Wouldn’t it be nice
Walking around the block and getting my dose of vitamin D today got me thinking, about my state of mind and where my life is right now. A year ago I would have said ‘I loved my job and things felt great’. I felt a sense of belonging, accomplishment and frankly, purpose. Not that I feel like a worthless steaming pile of cow dung today, but I will admit that things feel a bit more . . . hmmm . . . fuzzy. With the idea of returning to school breathing on my neck and saying ‘working is lame, go back to school’ and the pressure of another month’s expenses pushing me, saying ‘what are you mad? you have to work!’ I find good battling evil. It is a fine line between the two. You could say getting a full-time job and supporting yourself as a single woman is good, right? So how about working part-time, or multiple part-times and living by the seat of you pants? (more accurately, living by the threads of an empty wallet). When you take the choice to work part-time due to the possibility of continuing education, however . . . still a bad choice? and this is where it gets confusing. Still analyzing my life a year ago and wondering what’s next. I do NOT, however, wish i could go back in time and choose not to be unemployed.
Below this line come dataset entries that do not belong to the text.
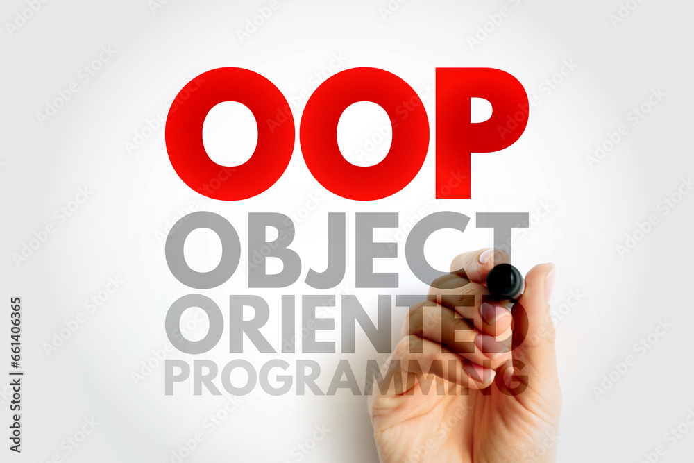 OOP Object-oriented programming - based on the concept of objects, which can contain data and code, acronym text concept background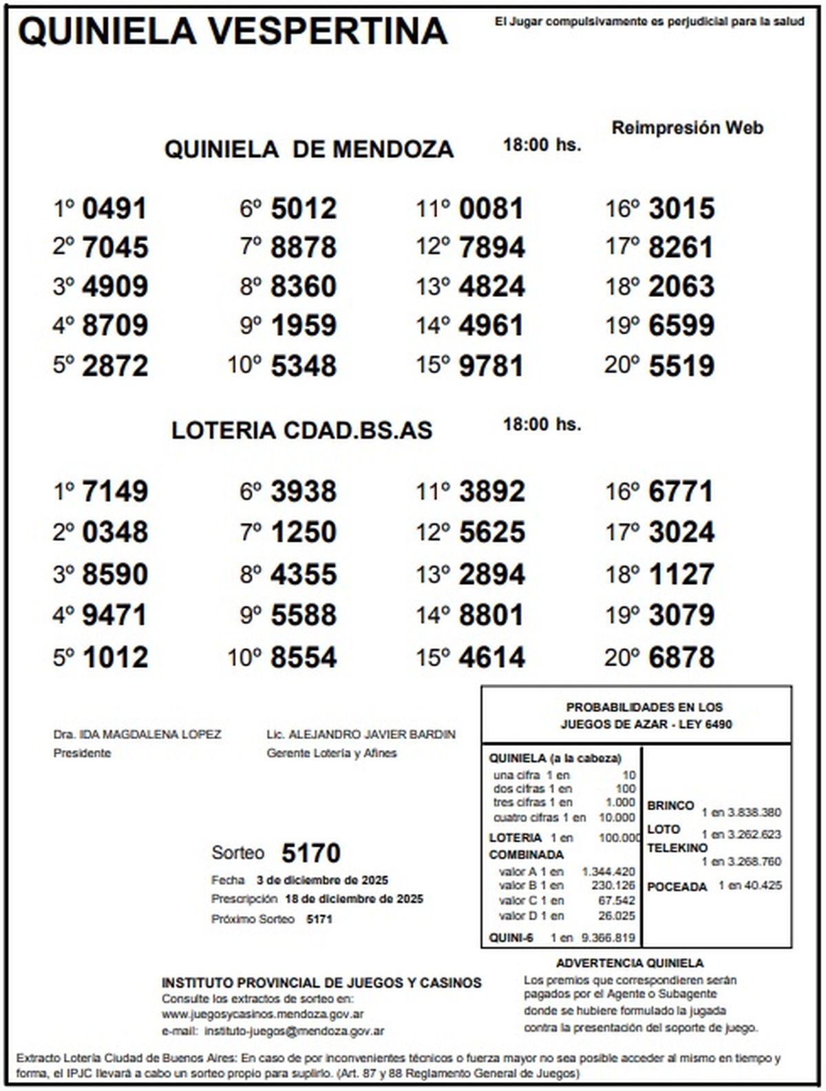 Resultados Quiniela de Mendoza: La Vespertina del 3 de diciembre de 2025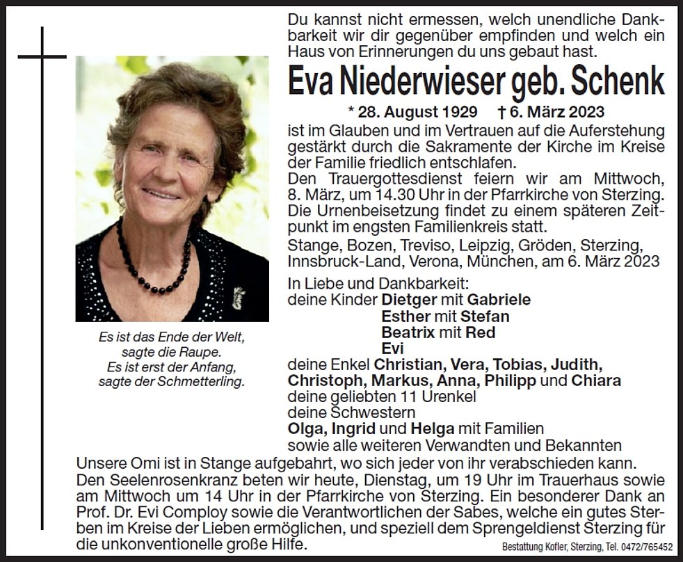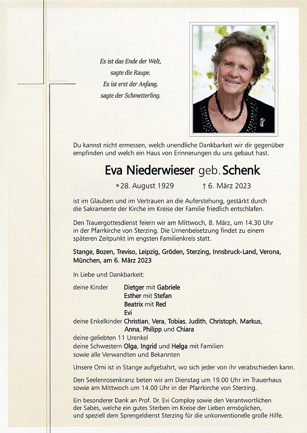 Den Trauergottesdienst feiern wir am Mittwoch, 8. März, um 14.30 Uhr in der Pfarrkirche von Sterzing. Die Urnenbeisetzung findet zu einem späteren Zeitpunkt im engsten Familienkreis statt.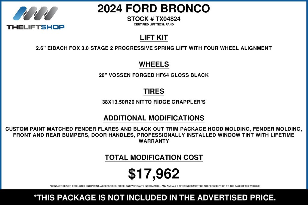 This Lifted 2024 Ford Bronco Raptor features a 2.6-inch Eibach Fox 3.0 Stage 2 Progressive Spring Lift Kit, Four Wheel Alignment, 20-inch Vossen Forged HF64 Gloss Black Wheels, 38X13.50R20 Nitto Ridge Grappler Tires, Custom Paint Match, and Professionally Installed Window Tint with a Lifetime Warranty. Installed by our Lift Tech, Rand. *Modifications are optional and are not included in the advertised price.*

I do enjoy my relaxed days and afternoon naps. My daily after lunch walk in the sunshine, and my endless time for ebay auction watching. I will admit that by about Wednesday, however, of no work AND no school I find myself checking my email one to many times, and wearing out my apartment rug as I pace, looking for something to do. Having the flexibility of not working I have still somehow managed to develop a daily routine. I wake up, go to the tanning salon, come home to exercise than shower, put on music, and slip into some heels, fix my hair, and than . . . than what? I pace. Eventually I calm down for lunch and my post lunch walk and nap. Of course there are the several hours on the computer proceeding my nap where I can hunt for jobs, check my email at least every 5 minutes and doodle around myspace wishing that cute boy I have been talking to wasn’t off working. Agh! Must everyone be responsible? I can then spend my evening catching up with friends and my favorite tv-shows and call it a day well spent.
I just know that my life will be changing soon, and how I am not sure. Is there something big around the corner? School or work? Well eventually there is my first trip to New York, but that is a bigger corner than I hope these other two will be. Still have stuff to look forward to though while I sit at home and wonder if I will ever do anything with my life. ‘You sure will! You will go to New York.’ Well, hey. It’s something.